Another thing that happens sometimes is, the business is so cool, that everyone loves the product, but most would never buy it because (well who cares why) it’s just not for them. The advertiser runs campaigns to get page likes but gets few actual sales from them.
The Pinball Company sells arcade games and classic pinball machines, including some awesome 40th Anniversary Star Wars Pinball Machines. Who wouldn’t “like” or love that? Most people would toss them a “like” but would never actually purchase a Star Wars pinball machine, or any pinball machines for that matter. They aren't small.
Having immense page likes could certainly have its own benefits, that aren't monetary such as brand recognition, etc., but setting yourself up for the right expectation would be key.
9. Too Much of an Ask
Conversely, we see people go into Facebook thinking they are entering a world or people that will be as ready to buy as they are on Google. They forget that Facebook is not a search engine (not yet, anyway) and that people on Facebook might not have the same intent, as they do when performing a search on Google or Bing.
If you try and ask for the sale or the signup that implies a larger commitment than they are ready for when they see your brand for the very first time, you would likely yield poor results.
Just remember the purchase funnel and that if this is the first time they are seeing your brand, focus on light conversions like newsletter signups and likes. Once they have had more engagement such as a purchase, or add- to-cart events, it would be okay to spend money on stronger offers.
This would be done using some form of Facebook Retargeting ad.
10. Monitor for Campaign Segments
Particularly with Facebook, it is less about if you advertise and so much more about how you set it up and management it.
There are many things that can go wrong in Facebook but it’s also important not to overlook details that should be observed on a regular basis.
It’s so easy to simply set it up and go! But one should not set and forget. Here is a short checklist of things that could get missed if you aren't paying attention.
Performance by Device - Just like in search, it’s important to see how your ads performs differently across various devices. For instance, if your ads perform poorly on Desktop and tablet, you can exclude it by editing the Ad Set. Click on Manage Placements and select which devices you’d like to have your ads show.

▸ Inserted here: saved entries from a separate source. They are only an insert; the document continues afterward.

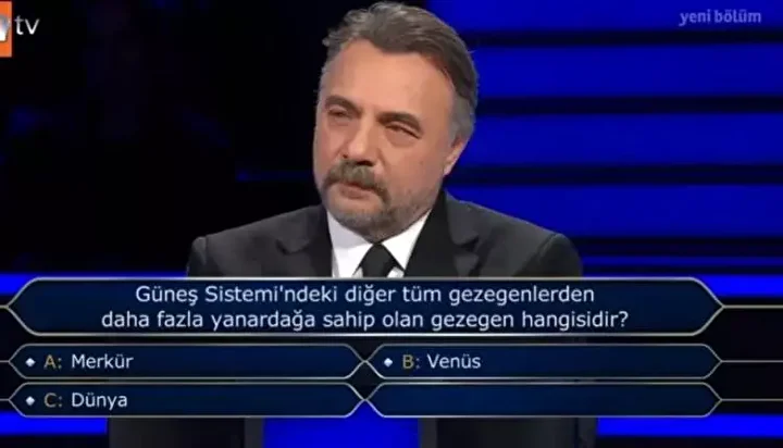 Sakin, yarışmadan çekilmek yerine risk alarak soruyu "D şıkkı Mars" yanıtını vermeyi tercih etti.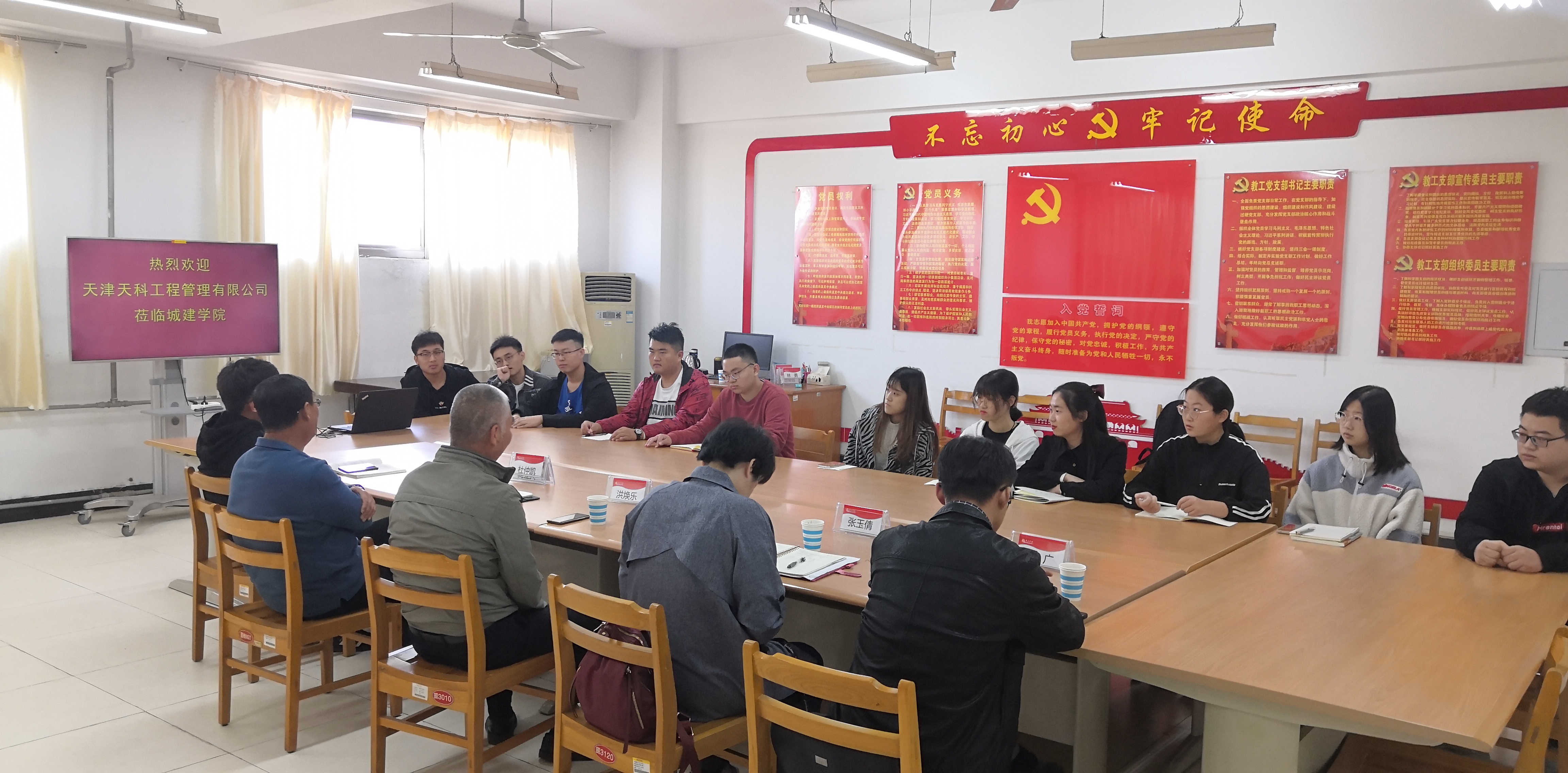2020年10月22日上午,天津天科工程管理有限公司副总经理洪焕乐、杜仲凯一行四人来我院考察交流。伟德国际victor·1946源自党总支书记李振清、党总支副书记徐海波、就业指导教师、土木工程专业负责人及部分学生代表参加座谈会。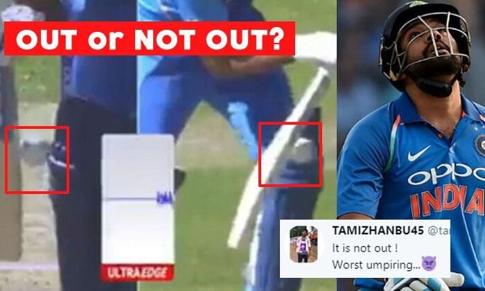 वहीं दूसरी तरफ सोशल मीडिया पर भारतीय फैंस थर्ड अंपायर के खिलाफ जमकर गुस्सा निकाल रहे हैं। बता दें कि रोहित ने 23 गेंद में 18 रन बना लिए थे जिसके बाद वह आउट हुए। रोहित द्वारा ट्विटर पेज पर आउट होने की करीब से फोटो पोस्ट की जिसमें लग रहा था कि उनके बल्ले और गेंद के बीच काफी जगह दी थी।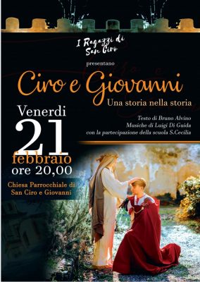 Una forma tradizionale di musical, cioè una narrazione teatrale interamente accompagnata dalla musica, vi aspetterà tutti venerdì 21 febbraio ore 20 nella chiesa parrocchiale dei Santi Ciro e Giovanni, grazie ai ragazzi dell’ACG, gli educatori della Parrocchia, i sacerdoti don Ciro e don Gianluigi, il testo del regista Bruno Alvino e la figlia Angela, le Musiche di Luigi Di Guida e la partecipazione dei ragazzi della scuola di musica Santa Cecilia.
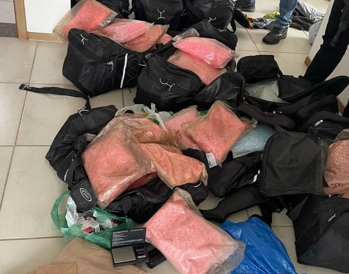 Durante as buscas, foram encontradas ainda diversas malas com milhares de comprimidos de ecstasy, além de haxixe, maconha e substância anabolizante, bem como uma pistola, balanças de precisão, embalagens para as drogas e máquina de contar dinheiro.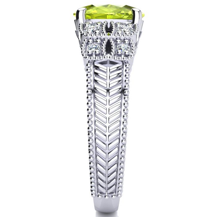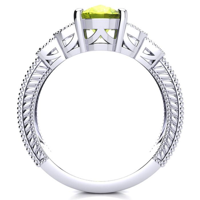 2 Carat Oval Shape Peridot and Diamond Ring In 10 Karat White Gold
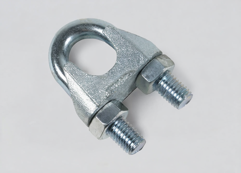 Зажим DIN 741 - зажим для троса выполнен в виде подковы, на обоих концах которой расположена метрическая резьба. Фиксация тросов и канатов ведется при помощи шестигранных гаек. Применяется при создании концевых петель, удлинения канатов. При помощью данного зажима крепятся крюки, скобы и прочие такелажные приспособления к канатам и тросам (при помощи петли). Основное применение деталь получила на такелажных работах и применяется для особо важных соединений, так как имеет высокий запас прочности.
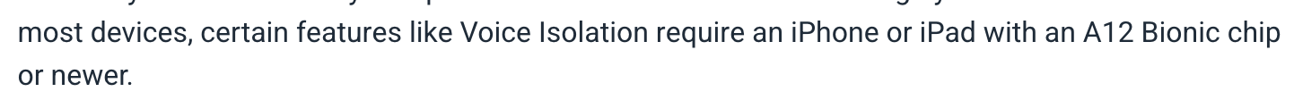 Hey no problem! Hope you get to try those audio filters soon; voice isolation works wonders.Yeah, I just went to check wether the FaceTime voice isolation had any hardware requirement, and it was available only for A12 devices or newer. So yeah, this feature is probably just for A12 and newer devices as well.

Performance by Platforms - Facebook has a few different platforms it serve ads on. Obviously Facebook is #1. But there is also Audience Network and Instagram. Platforms can be managed under the ad setting itself.
Performance across Demographics - To know your customer is to look a demographic breakdowns and know which ones perform the best.
Performance by Location - There are countless factors that involve location based performance. Seasonality can be a big part of where your product sells best. Also whether your product appeals more to political affiliated states or countries that belong to a trade agreement.
Under any campaign view, there is a Breakdown tab, which will give you all the options you need to compare and contrast various segments in your advertising. Here are some common themes we use for segmentation.
Don’t Forget To Test!
There’s no one-size-fits-all answer to optimizing your Facebook ad campaigns. The best strategy for your ad campaigns will depend on your products, website, customer lifecycle, objectives, and intended user experience.
In fact, you’d likely encounter many Goldilocks moments, in which too much or too little of anything will negatively impact your results.
To help you find that happy place where your audience is most responsive – achieving the highest click-through rate with the lowest cost-per-click, you’ll need to A/B test your ads to see what works for your business and hone in on your strategy as you go.